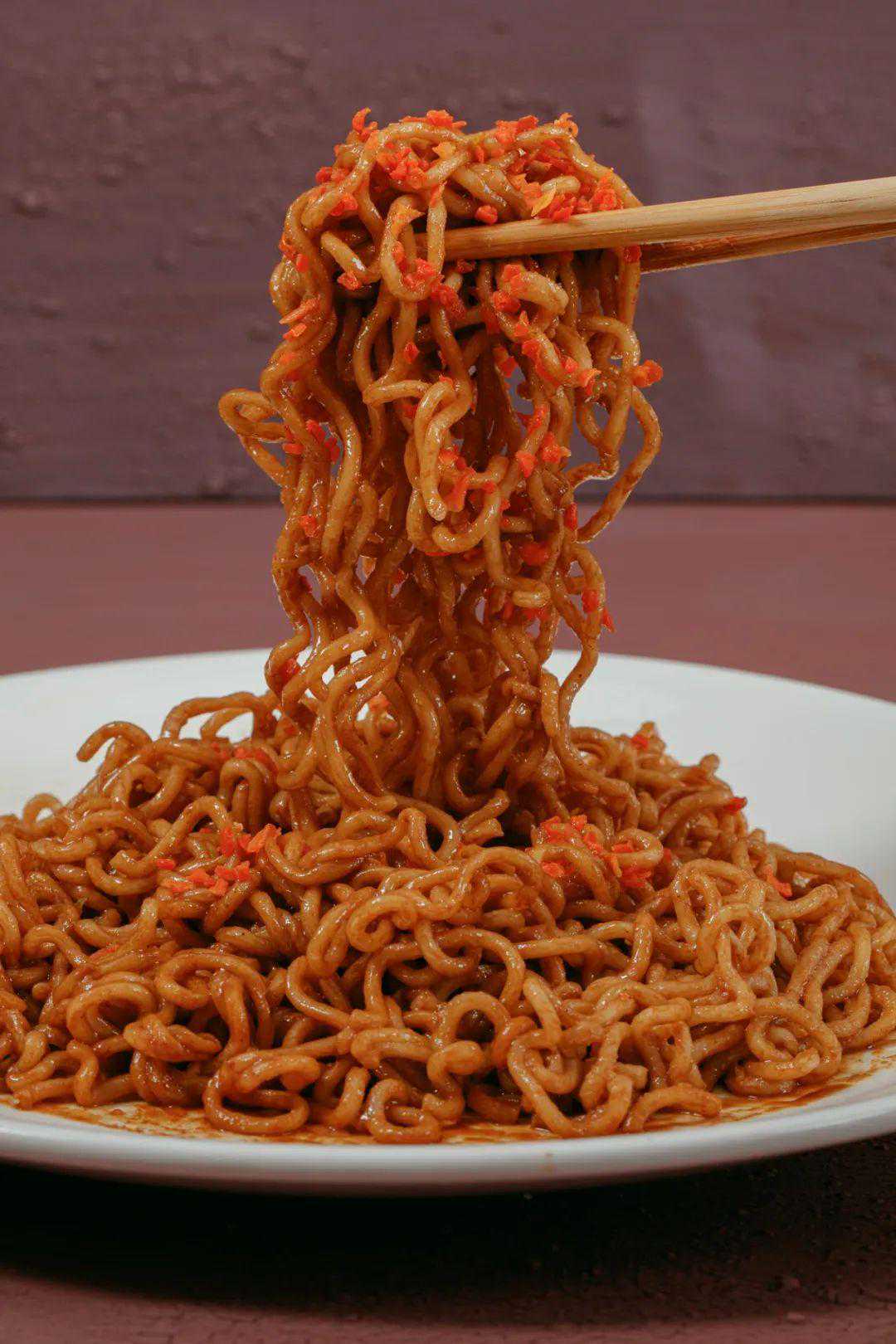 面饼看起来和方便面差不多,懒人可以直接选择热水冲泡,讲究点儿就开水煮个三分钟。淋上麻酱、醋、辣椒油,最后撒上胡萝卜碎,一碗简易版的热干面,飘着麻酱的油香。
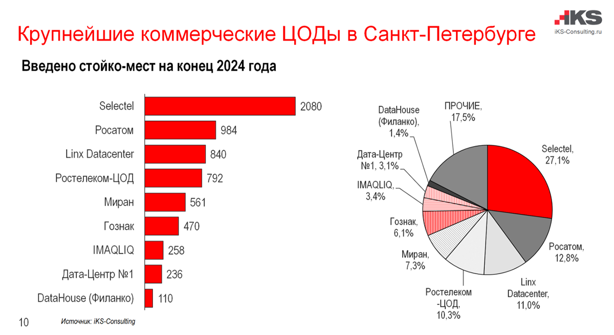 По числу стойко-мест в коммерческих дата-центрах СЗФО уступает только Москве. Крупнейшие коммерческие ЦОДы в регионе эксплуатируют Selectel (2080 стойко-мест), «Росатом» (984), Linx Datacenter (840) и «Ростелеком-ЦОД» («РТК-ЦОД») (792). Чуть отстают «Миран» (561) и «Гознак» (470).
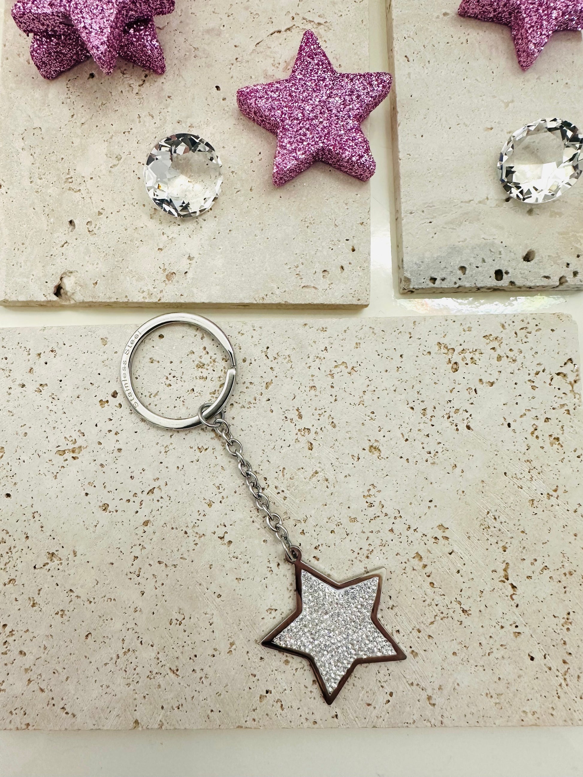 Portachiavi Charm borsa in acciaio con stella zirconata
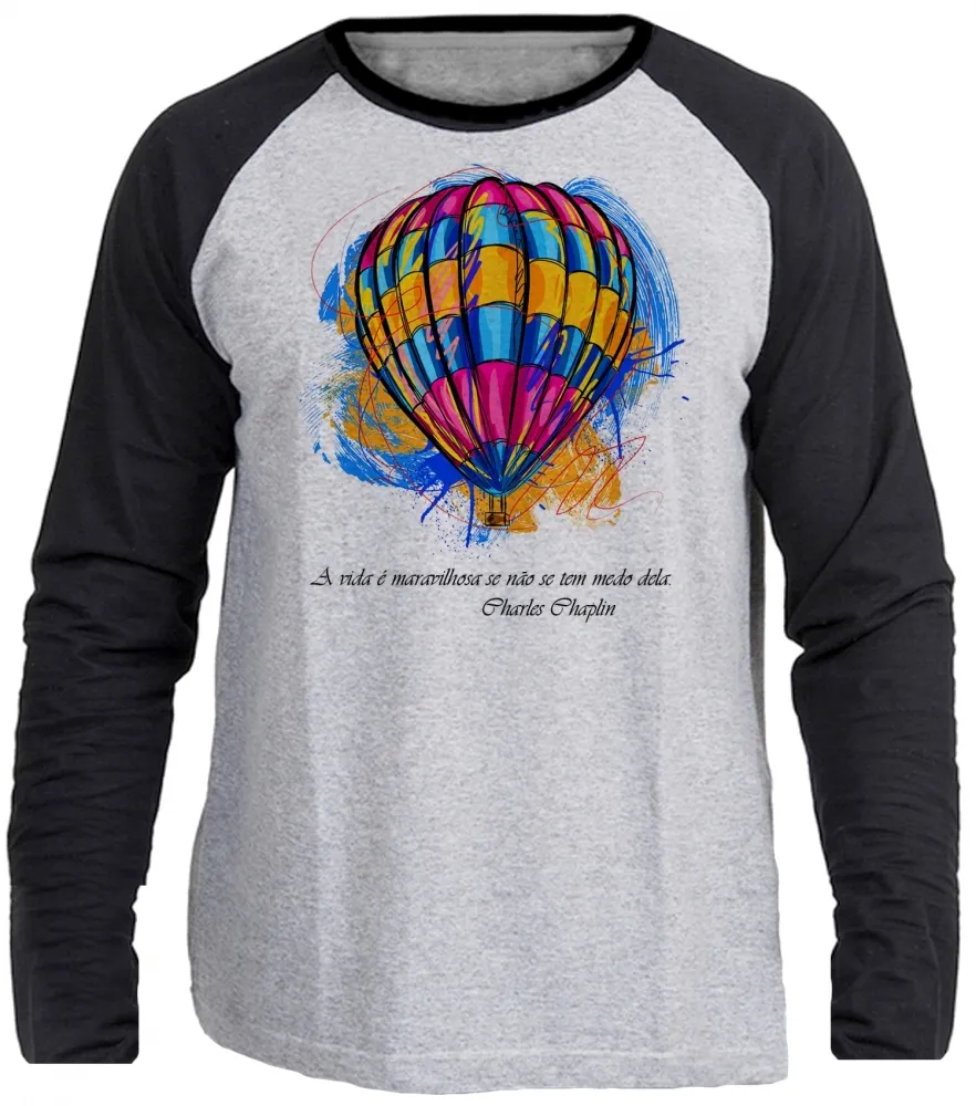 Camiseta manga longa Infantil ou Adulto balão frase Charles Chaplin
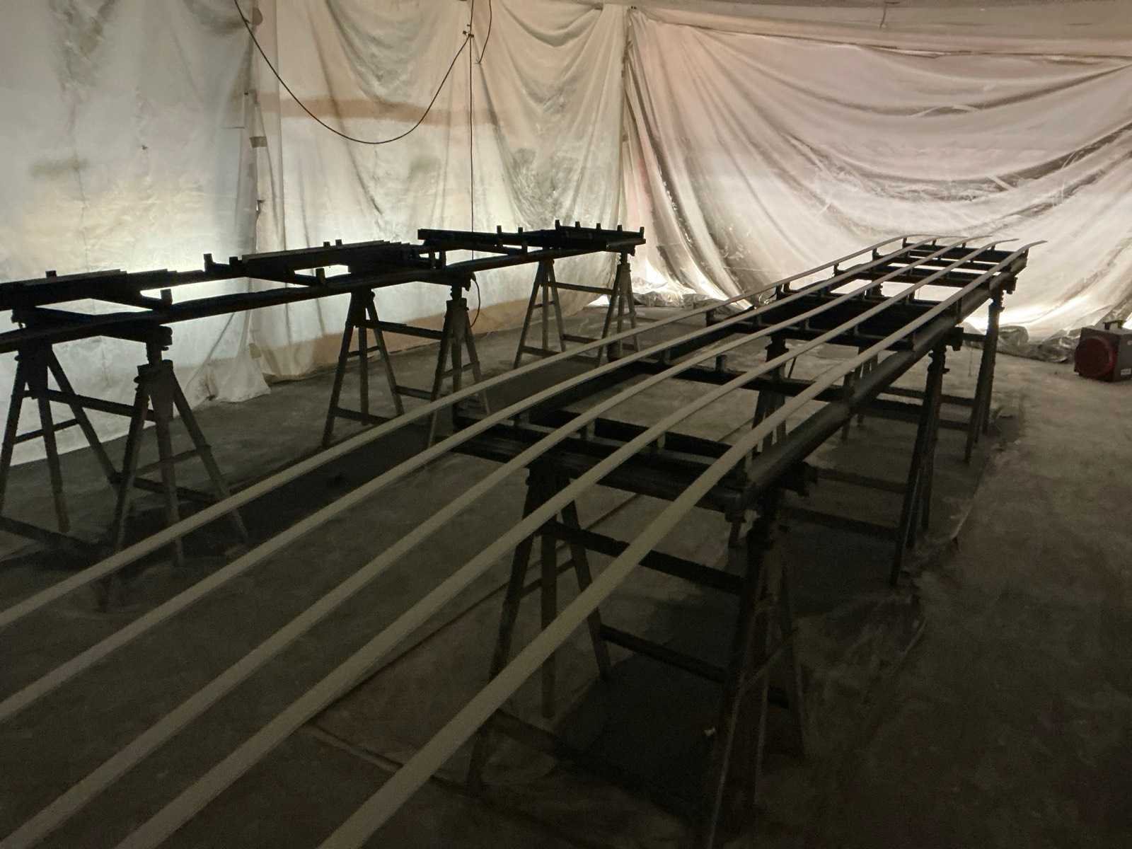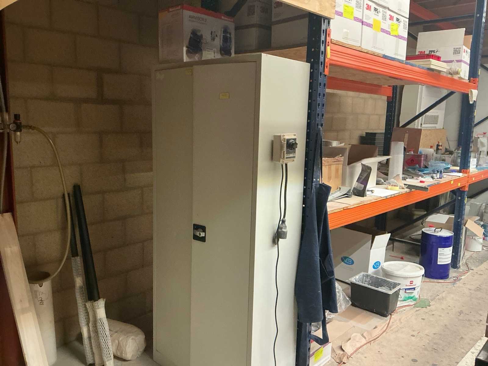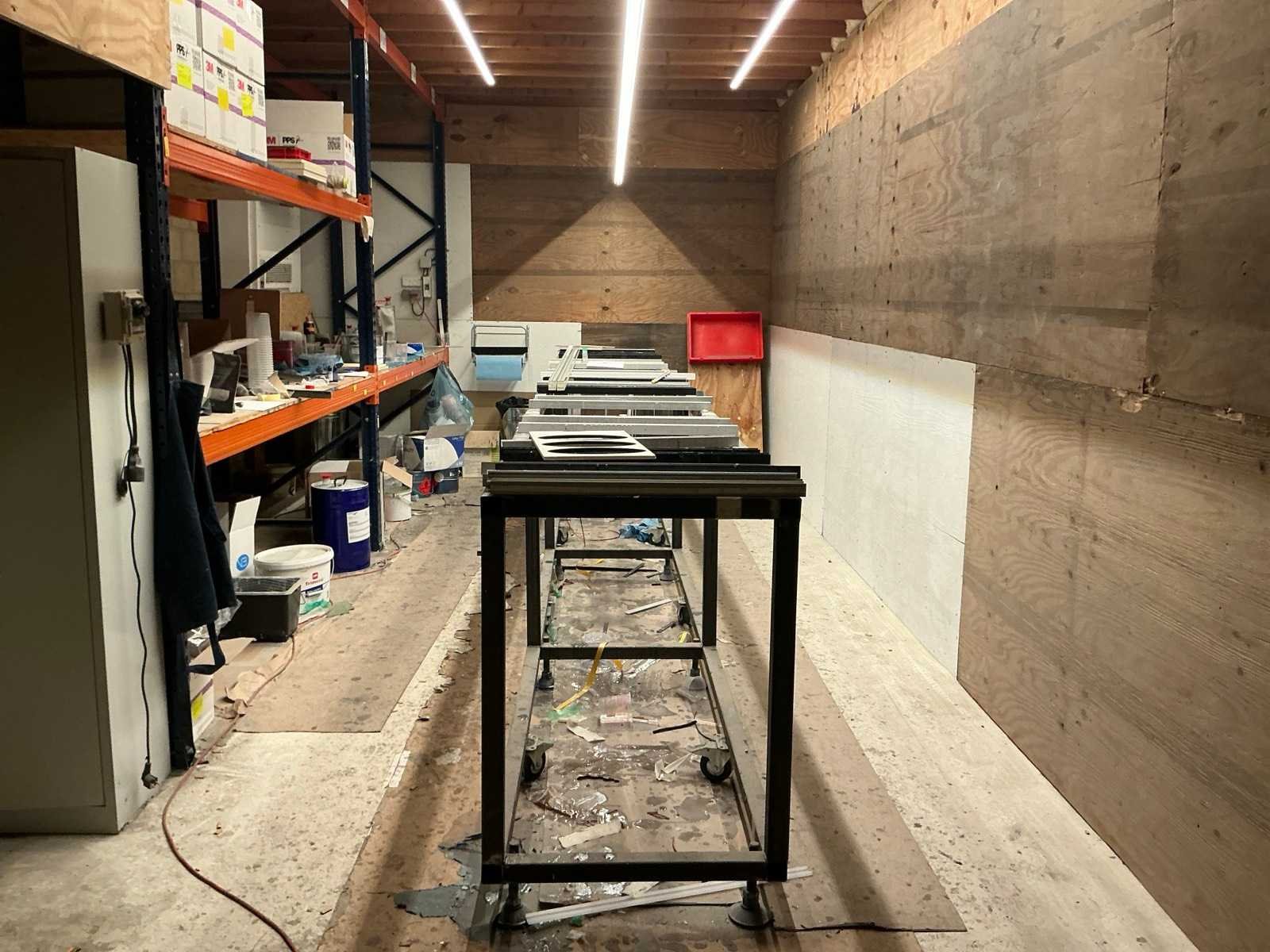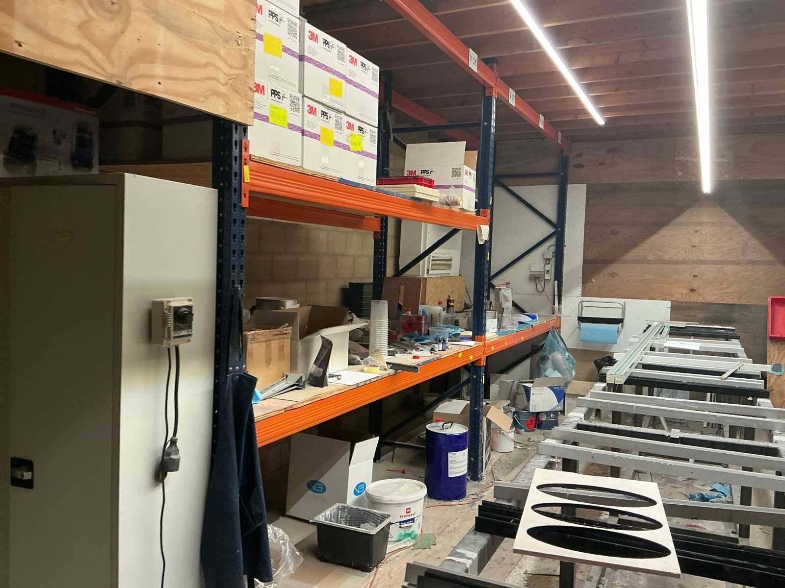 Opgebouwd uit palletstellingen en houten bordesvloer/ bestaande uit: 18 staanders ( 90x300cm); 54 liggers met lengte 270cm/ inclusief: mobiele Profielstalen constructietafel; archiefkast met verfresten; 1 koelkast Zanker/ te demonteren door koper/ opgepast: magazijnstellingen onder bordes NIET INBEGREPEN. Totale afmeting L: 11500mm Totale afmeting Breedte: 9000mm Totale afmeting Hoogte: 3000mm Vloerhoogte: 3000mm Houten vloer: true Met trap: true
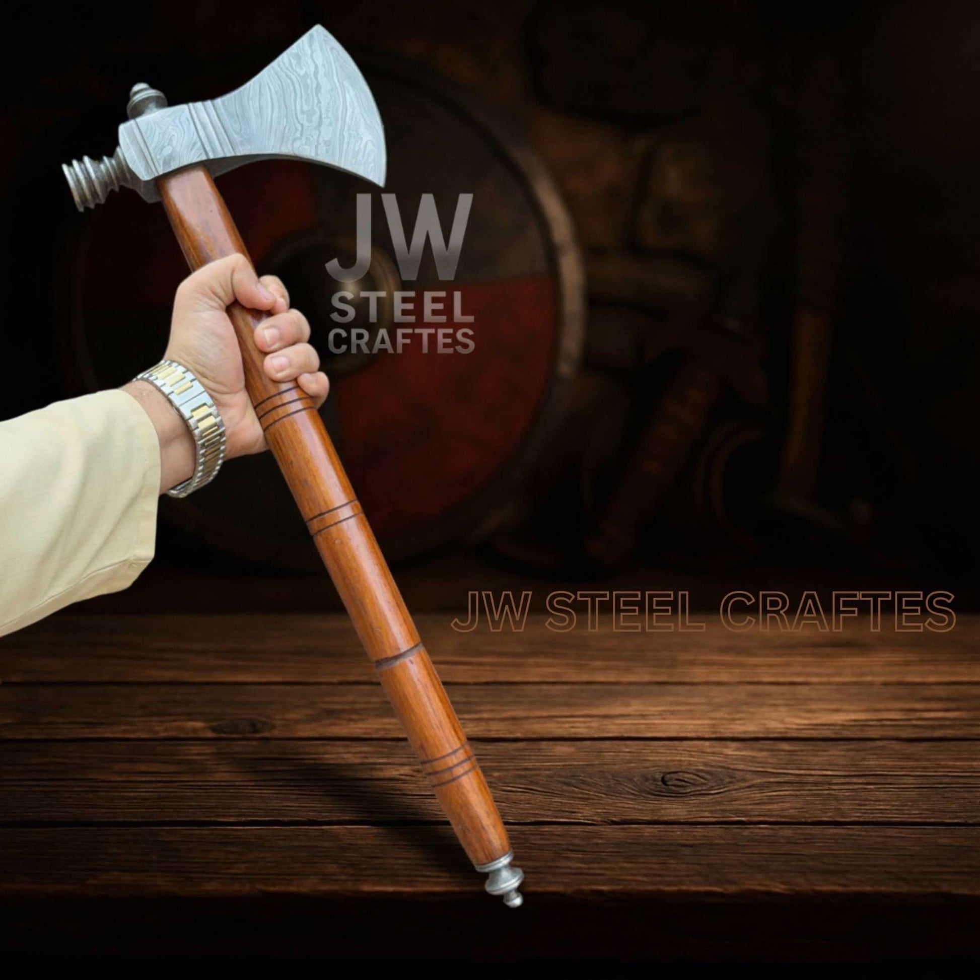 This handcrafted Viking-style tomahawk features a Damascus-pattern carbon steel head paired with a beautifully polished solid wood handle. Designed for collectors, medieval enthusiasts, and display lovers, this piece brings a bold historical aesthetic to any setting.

TASK ITEM:
Copy out only the lines beginning at the line with "Portachiavi Charm borsa" and ending at the last line of the entries. Keep them exact; drop pictures.

WRITTEN RESPONSE:
 Portachiavi Charm borsa in acciaio con stella zirconata
 Camiseta manga longa Infantil ou Adulto balão frase Charles Chaplin
 Opgebouwd uit palletstellingen en houten bordesvloer/ bestaande uit: 18 staanders ( 90x300cm); 54 liggers met lengte 270cm/ inclusief: mobiele Profielstalen constructietafel; archiefkast met verfresten; 1 koelkast Zanker/ te demonteren door koper/ opgepast: magazijnstellingen onder bordes NIET INBEGREPEN. Totale afmeting L: 11500mm Totale afmeting Breedte: 9000mm Totale afmeting Hoogte: 3000mm Vloerhoogte: 3000mm Houten vloer: true Met trap: true
 This handcrafted Viking-style tomahawk features a Damascus-pattern carbon steel head paired with a beautifully polished solid wood handle. Designed for collectors, medieval enthusiasts, and display lovers, this piece brings a bold historical aesthetic to any setting.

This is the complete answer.